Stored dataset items
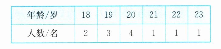 B 解析:从表中可以看出20岁的有4人,出现的次数最多,所以众数为20;其次,按大小排列后,第6个数和第7个数都是20,故这两个数的平均数为20,即中位数是20.
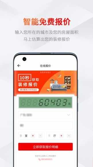 输入您所属的大城市及您的房子总面积,立刻估计出您的装修价格
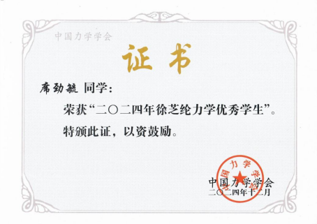 据悉,“中国力学学会全国徐芝纶力学优秀学生奖”由徐芝纶基金会出资,中国力学学会设立,每两年评选一次,表彰在高校理工科专业中基本理论扎实、在校级基础力学课程考试中成绩优异以及在全国周培源大学生力学竞赛中获奖的优秀学生,经各省、直辖市、自治区力学学会和专家推荐、候选人材料审核,以及中国力学学会教育工作委员会综合评议后产生获奖名单。
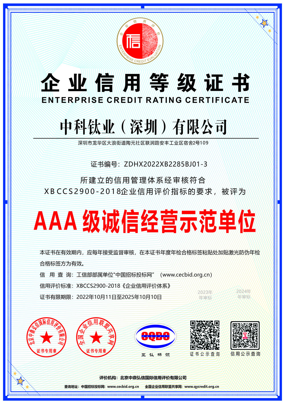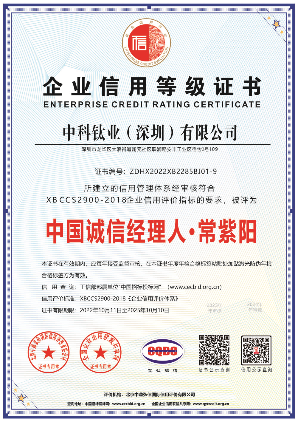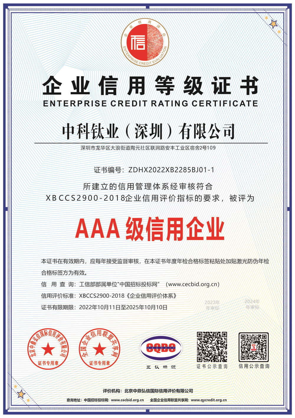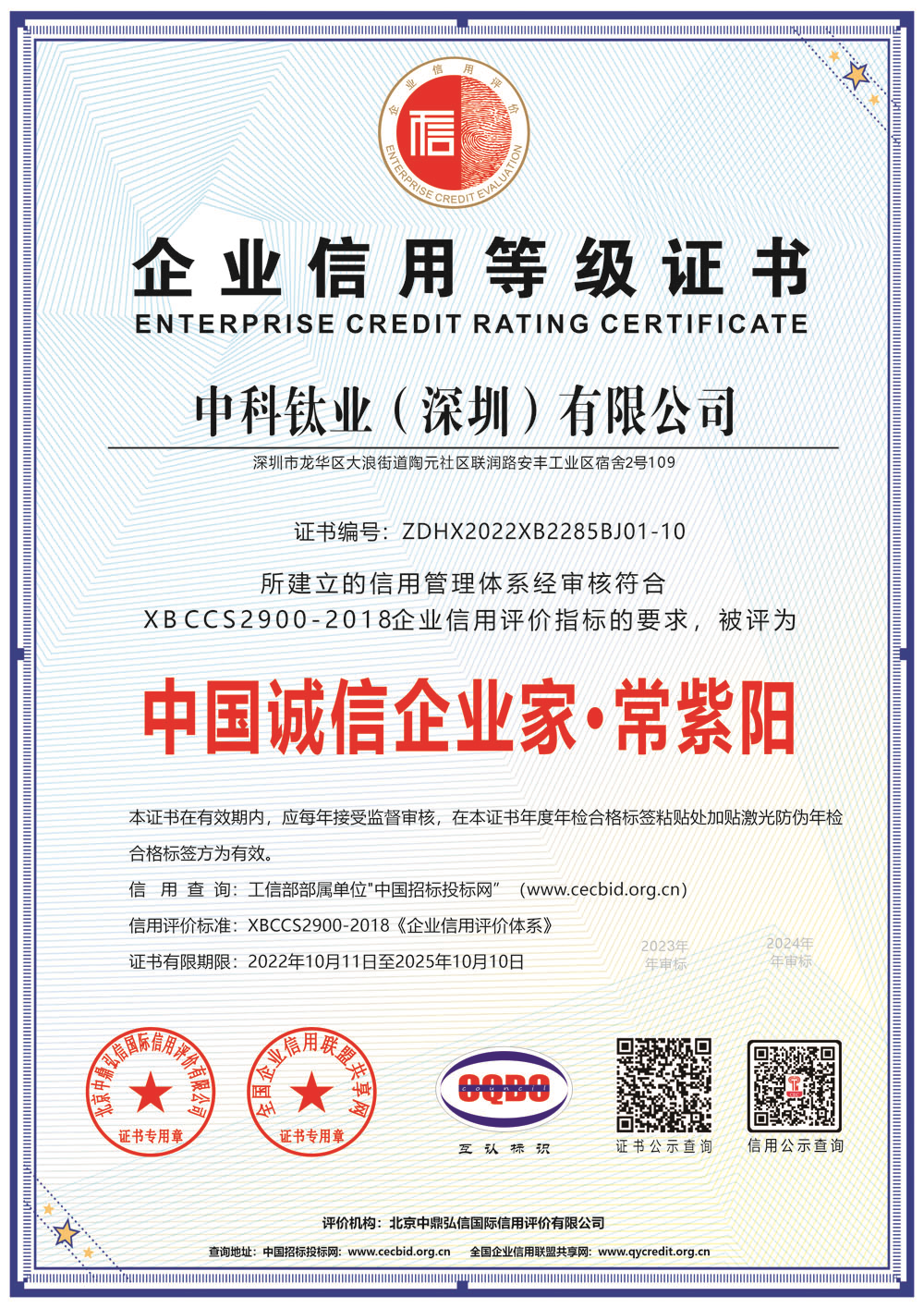努力使中科鈦業(yè)成為全球鈦制品行業(yè)的卓越品牌,成為受人尊敬的鈦產(chǎn)品制造企業(yè)
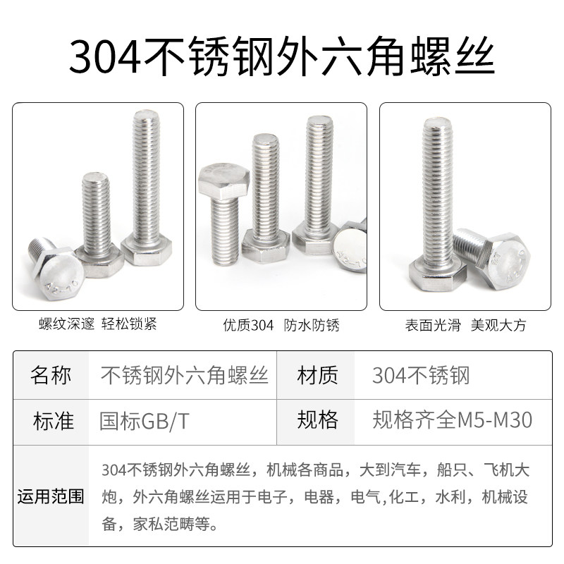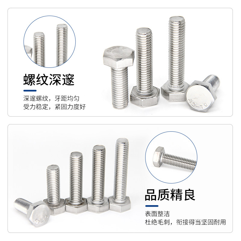 M24M27M30 outer hexagonal 304 stainless steel full tooth bolt lengthened screw screw Daquan 50 60 70
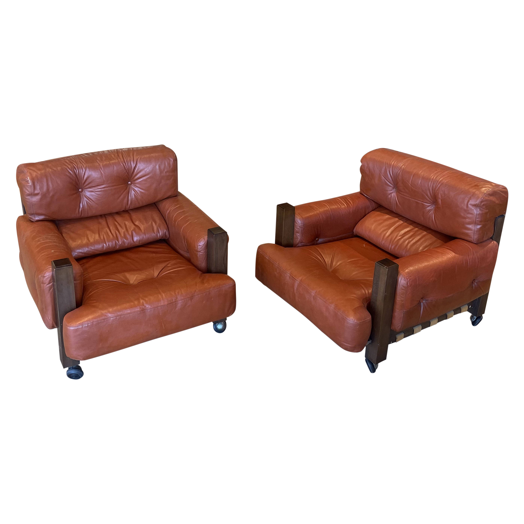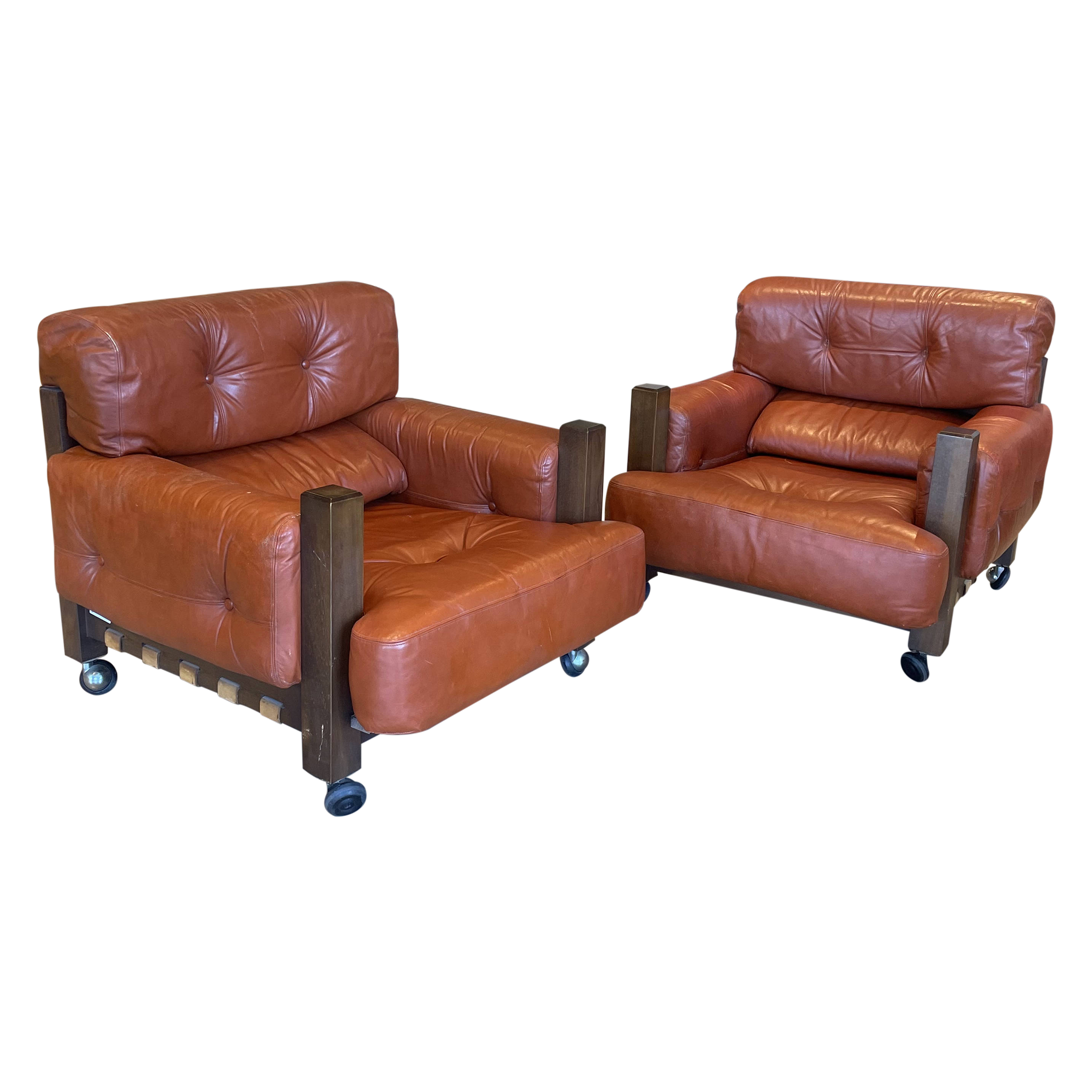 Pair of Chunky Wood and Leather Rolling Armchairs
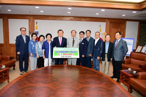 | 김천의 교육발전과 글로벌 인재육성을 위해 자산동 용두경로당(회장 신학수)에서 김천시인재양성재단(이사장 박보생)에 장학기금 일백만원을 기탁했다.
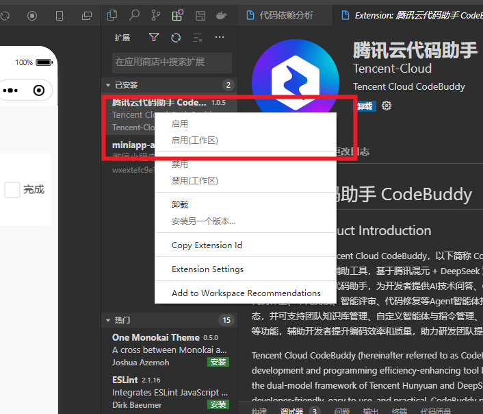 下载最新版 微信开发者工具 ,在「设置-扩展设置-编辑器扩展」中,安装「腾讯云代码助手 CodeBuddy」插件。
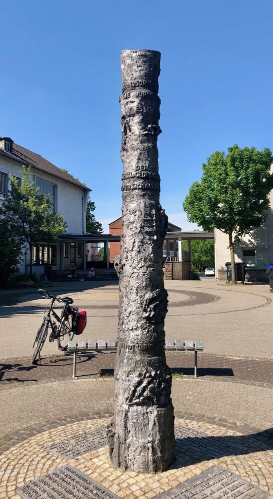 Uns zur Mahnung - die Säule auf dem Schulhof der Geschwister Scholl Schule
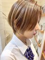- 女の子らしさも忘れない、少し丸みを残したハンサムショート♪ベージュの柔らかいカラーで優しい印象に^^
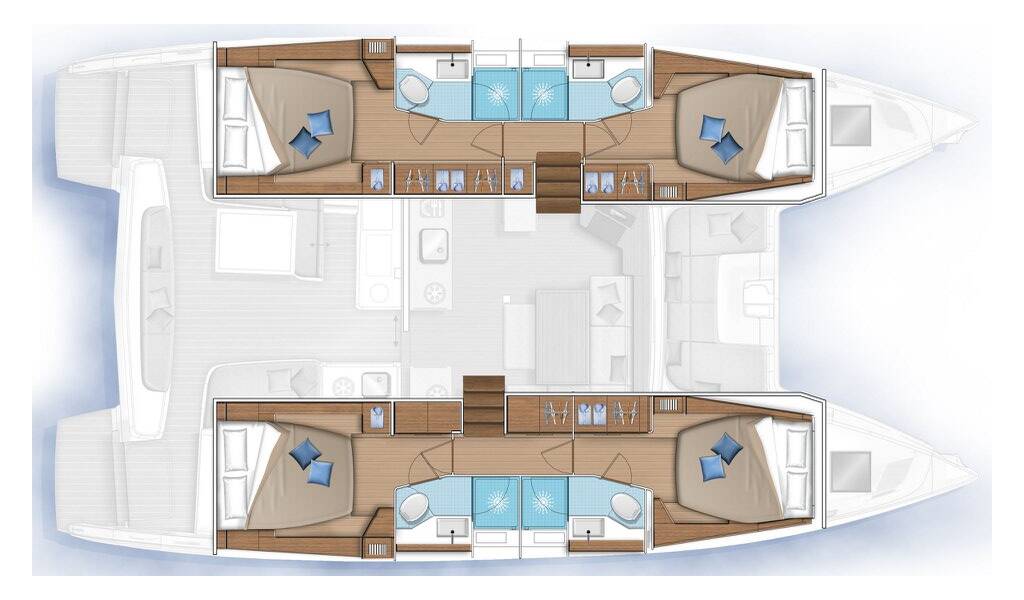 Katamaran Lagoon 46 El Marita, Baujahr 2021, liegt im Lefkas, D-Marin, Ionisches Meer, Griechenland vor Anker. Es verfügt über 4 + 2 Kabinen und bietet Platz für 8 + 2 Personen mit 4 + 1 Toiletten.
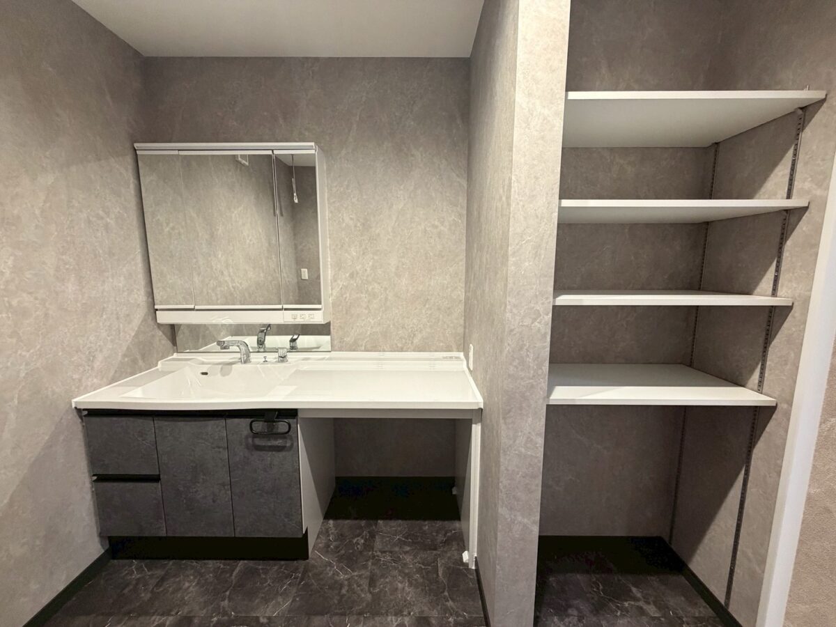 毎日使う洗面室には、4段の可動棚収納を設置。
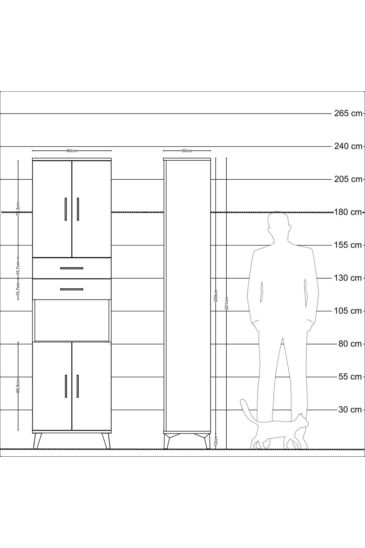 Arges Dolap 4 Raflı 2 Çekmeceli 4 Kapaklı 60x30x221 Çam-Aytaşı
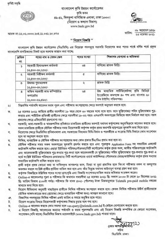 See badc Job Circular 2022 – badc.teletalk.com.bd apply
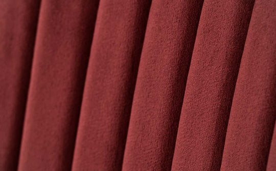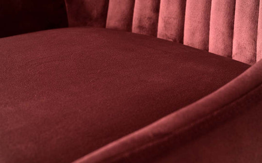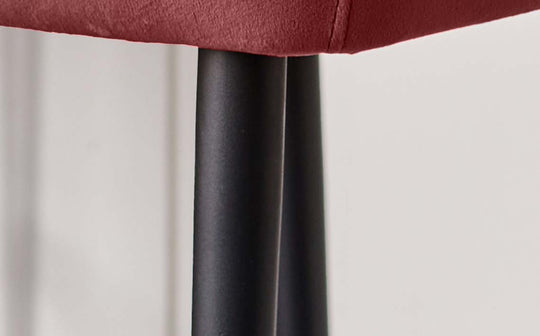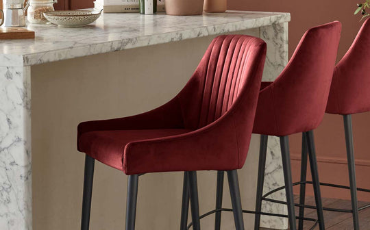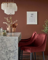 The Blakely toffee red velvet bar stool brings sophisticated comfort to your breakfast bar or kitchen island. Upholstered in rich toffee red recycled velvet with subtle vertical panelling, this exclusively designed piece features a generously padded seat and backrest. Four powder-coated metal legs provide sturdy support whilst floor protectors keep your surfaces pristine.

- [TASK DETAILS]
For this exercise, transcribe exactly the part of the records above that opens with the line containing "장학기금 일백만원을 기탁했다." and closes with the one containing "- 女の子らしさも忘れない、". Pictures are not part of the copy.

- [EXERCISE SOLUTION]
 | 김천의 교육발전과 글로벌 인재육성을 위해 자산동 용두경로당(회장 신학수)에서 김천시인재양성재단(이사장 박보생)에 장학기금 일백만원을 기탁했다.
 下载最新版 微信开发者工具 ,在「设置-扩展设置-编辑器扩展」中,安装「腾讯云代码助手 CodeBuddy」插件。
 Uns zur Mahnung - die Säule auf dem Schulhof der Geschwister Scholl Schule
- 女の子らしさも忘れない、少し丸みを残したハンサムショート♪ベージュの柔らかいカラーで優しい印象に^^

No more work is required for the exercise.